One virtual machine has two network interfaces:

  1. bridged to host wlan0 interface to have internet
  2. connected to internal network to provide internet access to another vm

Of course on this vm (running vyos 1.1.3) is configured nat to internal network

The other vm (runnin vyos 1.1.3) has two network interfaces:

  1. connected to internal network (the same as machine above)
  2. another internal network

The problem is with routing, I cannot configure second vm to have internet provided by first vm. Below are the configs. I cannot change addresses.

gateway config:

interfaces {
    ethernet eth0 {
        address dhcp
        duplex auto
        hw-id 08:00:27:0c:9e:2f
        smp_affinity auto
        speed auto
    }
    ethernet eth1 {
        address 10.24.161.254/24
        duplex auto
        hw-id 08:00:27:6c:3f:e3
        smp_affinity auto
        speed auto
    }
    loopback lo {
    }
}
nat {
    source {
        rule 10 {
            outbound-interface eth0
            source {
                address 10.24.161.0/24
            }
            translation {
                address masquerade
            }
        }
    }
}
protocols {
    static {
        interface-route 10.24.162.0/26 {
            next-hop-interface eth1 {
                distance 1
            }
        }
    }
}

The second VM:

interfaces {
    ethernet eth0 {
        address 10.24.162.1/26
        duplex auto
        hw-id 08:00:27:15:ab:d6
        smp_affinity auto
        speed auto
    }
    ethernet eth1 {
        duplex auto
        hw-id 08:00:27:38:4d:1a
        smp_affinity auto
        speed auto
    }
    ethernet eth2 {
        duplex auto
        hw-id 08:00:27:dc:14:3a
        smp_affinity auto
        speed auto
    }
    ethernet eth3 {
        duplex auto
        hw-id 08:00:27:5d:48:a7
        smp_affinity auto
        speed auto
    }
    loopback lo {
    }
}
protocols {
    static {
        interface-route 10.24.161.0/24 {
            next-hop-interface eth0 {
                distance 1
            }
        }
        route 0.0.0.0/0 {
            next-hop 10.24.161.254 {
                distance 1
            }
        }
    }
}

There is another strange thing:
with the configuration above I have following route in the OS:

0.0.0.0    0.0.0.0    0.0.0.0    eth0

I think there should be something like:

0.0.0.0   10.24.161.254   0.0.0.0    eth0

Deleting this route and adding (not vyos way) in system default route like this:

route add default gw 10.24.161.254

works and the second vm has internet access through the gateway.

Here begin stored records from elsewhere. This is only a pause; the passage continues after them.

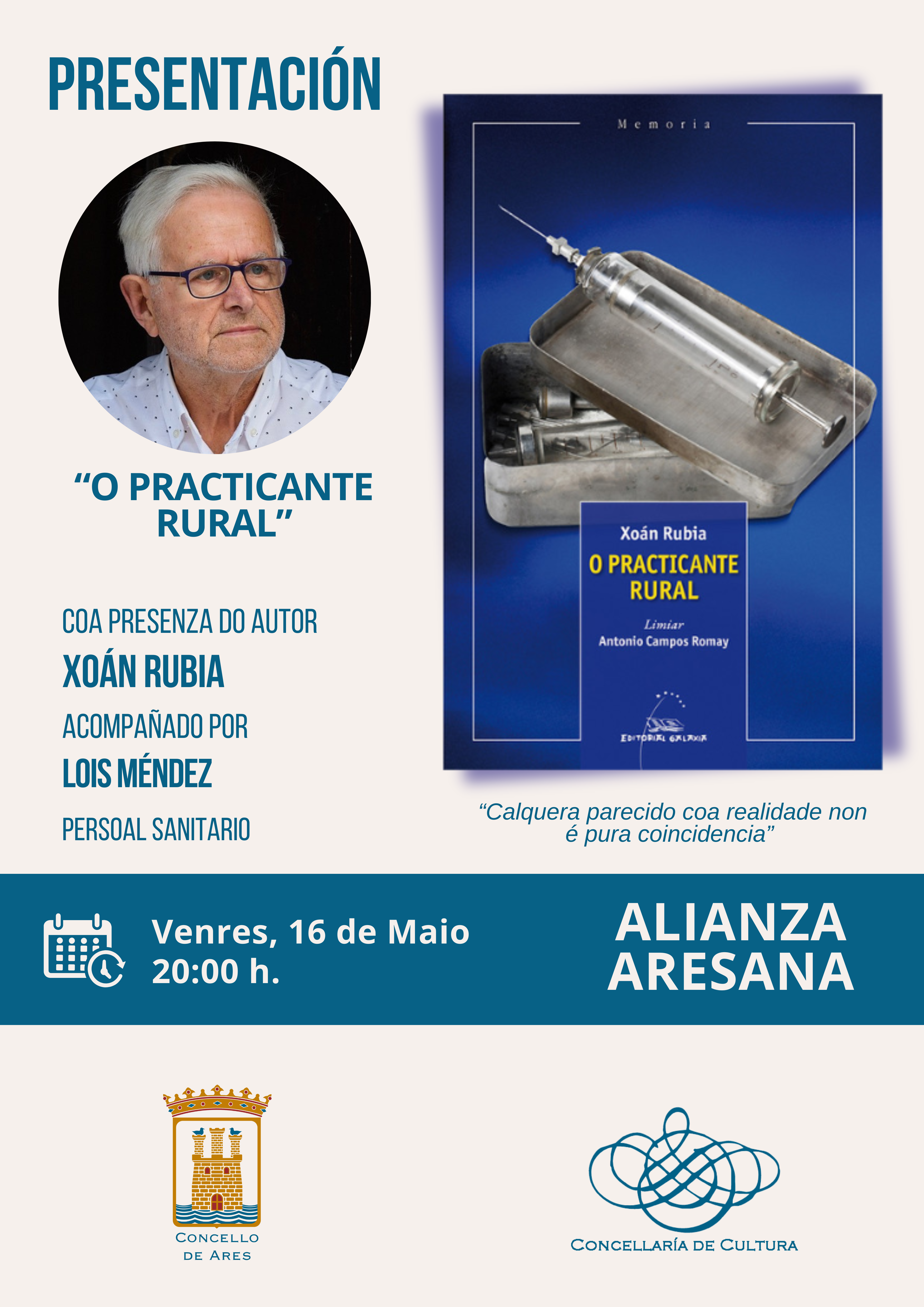 Tamén haberá oco para falar dunha das novidades literarias en lingua galega dentro da comarcal como é ‘O practicante rural’, as anotacións memorísticas que achega o mugardés Xoán Rubia sobre a súa experiencia exercendo como profesional da saúde na Galicia rural do século pasado. Rubia presentará a súa obra o 16 de maio ás 20:00 horas no salón de actos da Alianza Aresana e afondará nas anécdotas que lle deixaron toda unha vida de traballo no sistema público galego, ao mesmo compás que poñía música a toda unha xeración.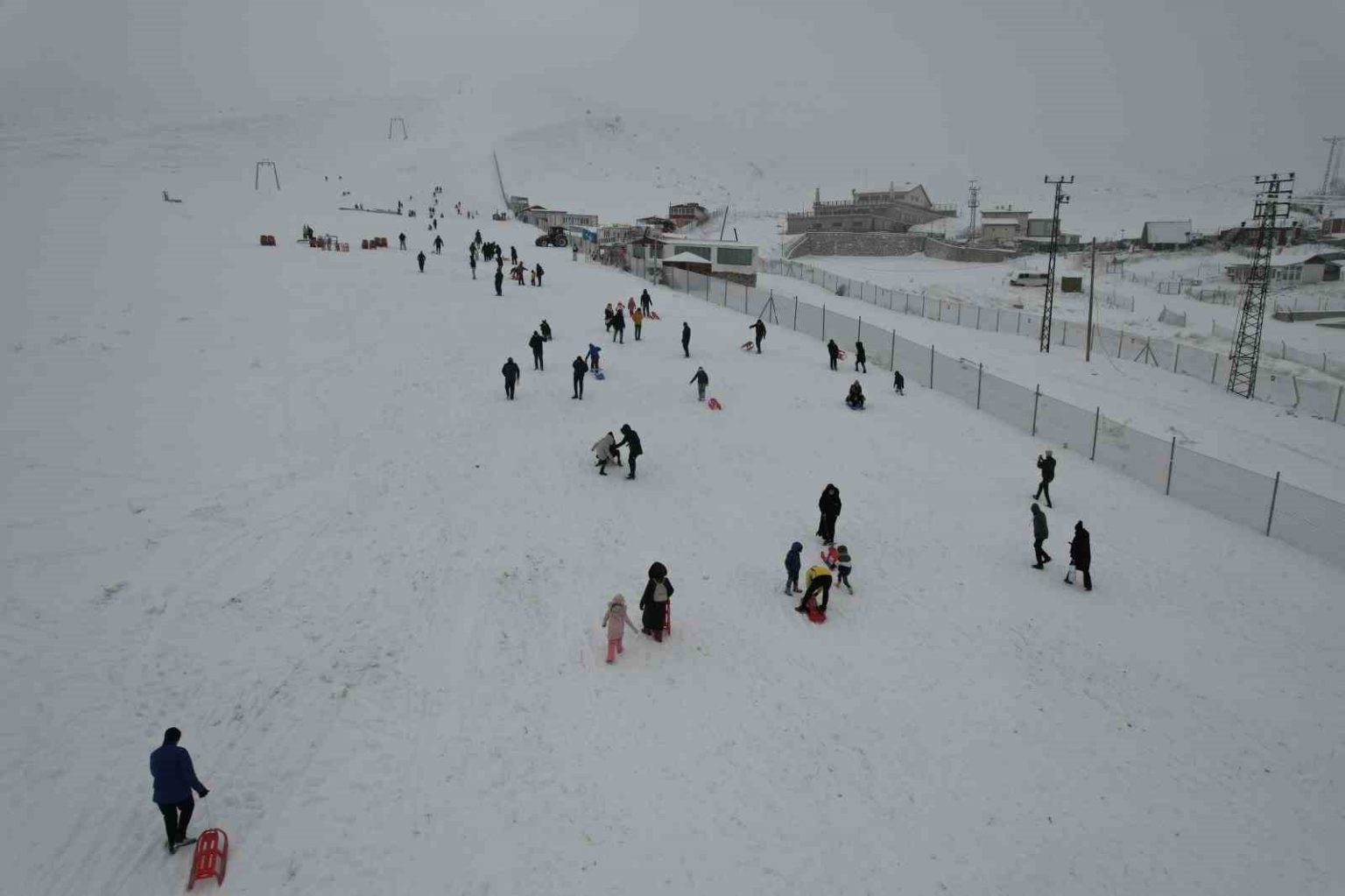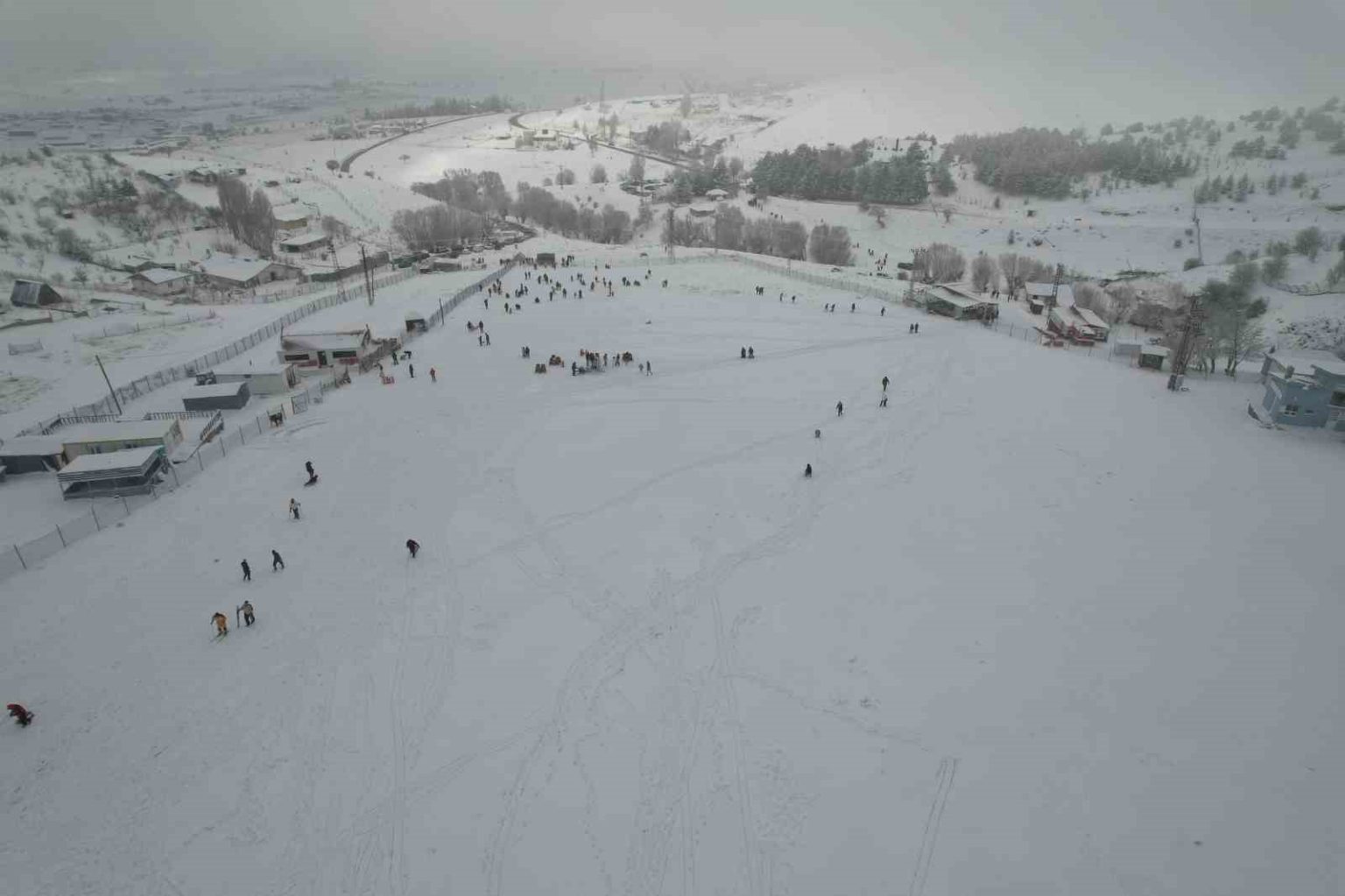 Yılbaşı gecesi etkisini gösteren kar yağışının ardından beyaz bürünen Elmadağ Kayak Merkezi, tatilini değerlendirmek isteyen Ankaralıların buluşma noktası oldu.
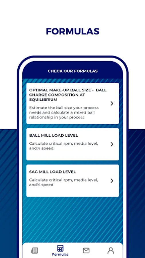 It has been developed to estimate the appropriate ball size for a grinding application determined by equipment data and knowledge of the process. Therefore, it is necessary to have data of the equipment where it will be used and also data of the type of material that will be processed.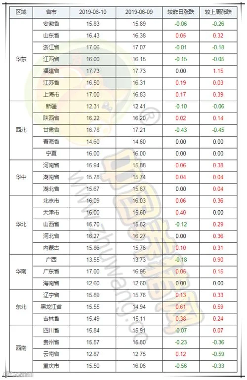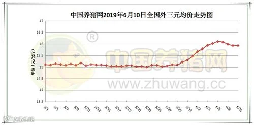 2019年6月10日,据中国养猪网猪价系统监测全国外三元均价为15.93元/公斤,较昨日持平,较上周上涨0.14元/公斤。今日猪价涨幅维持在0.02-0.61元/公斤,跌幅维持在0.01-0.56元/公斤。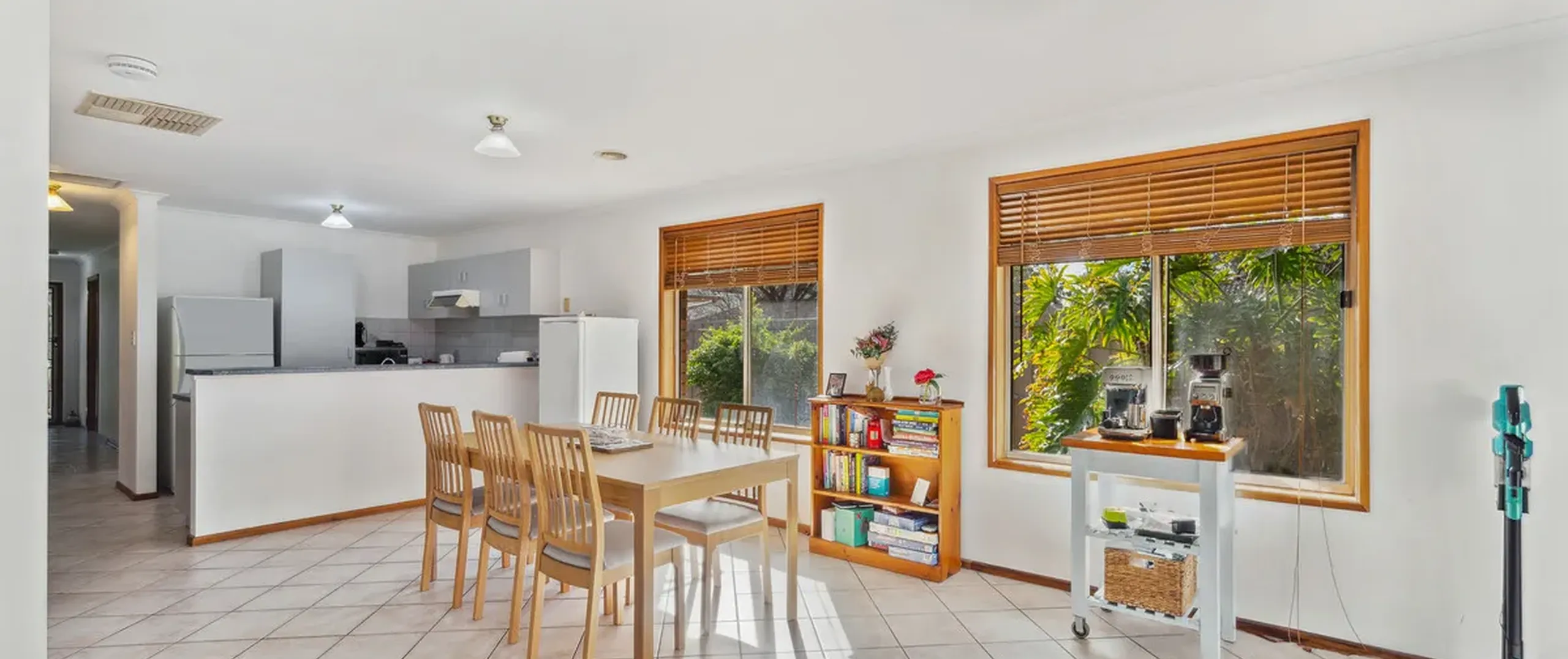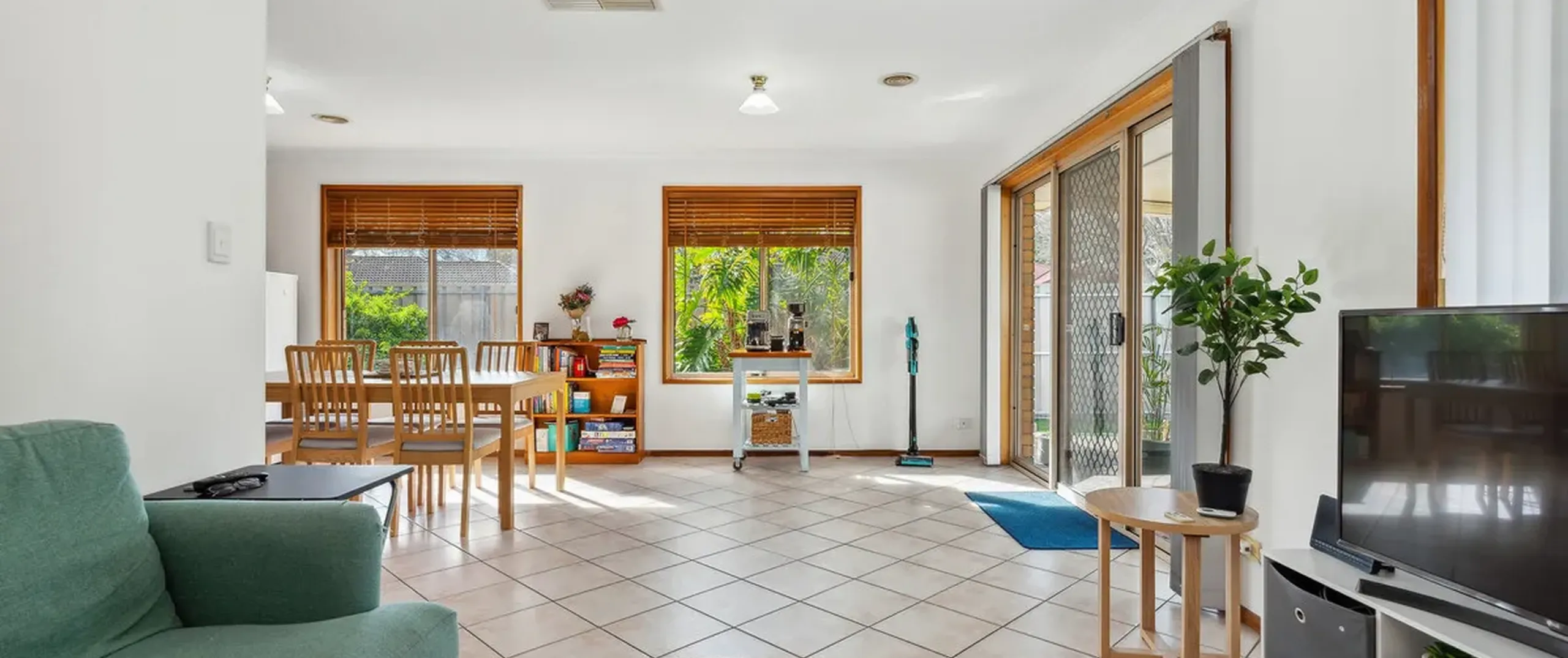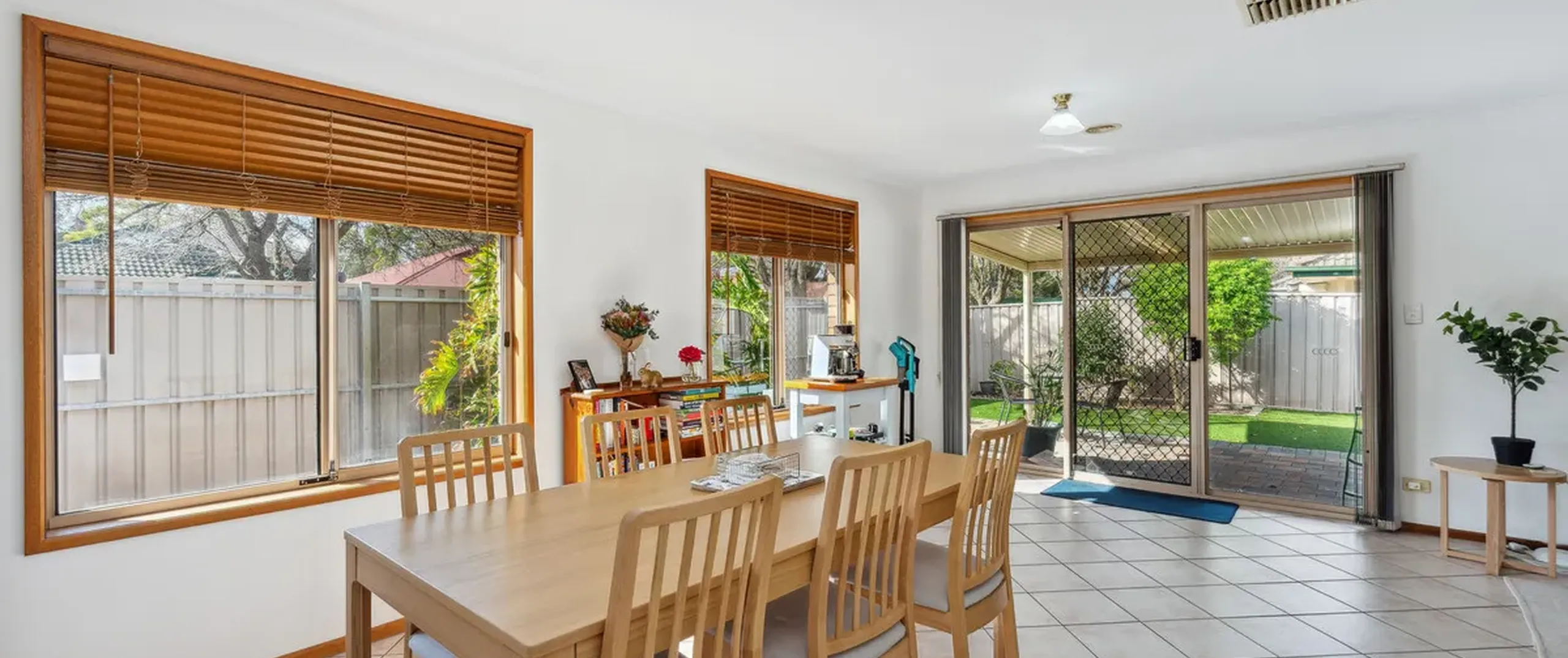 - Light filled family, meals, and lounge areas equipped with ducted air conditioner and glass sliding doors connect these spaces to the verandah

So what I am doing wrong? Or maybe there is some kind of bug in the software?

Thank You for every help and every tip.

Typo in netmask? 10.24.162.0/26 won’t include your desired gateway address of .254

Chris


Oh, and I just noticed typo in the 3rd octet too (should be 161 instead of 162…?)

Thank you for your reply. Unfortunately this is not a typo. Those two instances of vms should work in separate networks, and connectivy between them should be configured by proper routing, but as I’ve written I cannot set routing to achieve internet connection on the second vm.

I assume you have only private IP on those VM and there’s another router externally that provide internet access with NAT.

The problem is this external router is not aware of your VM and likely not configured to handle traffic from the private IP range used by this VM.

There’s 2 options

  • the one that will work in most cases is to NAT traffic from your internal VM with the IP address the VyOs box receive by DHCP on eth0

This can be achieved with a masquerade NAT I think.

  • The second is to add routes on the router that provide internet so it can communicate with your VMs AND to configure it to NAT traffic coming from your VMs
    This also require that you set a static IP address on the VyOs eth0 interface rather than DHCP since you will add a route to this IP on the internet router.
    (however from my point of view DHCP on a router interface is bad - except for PPPOE of coures)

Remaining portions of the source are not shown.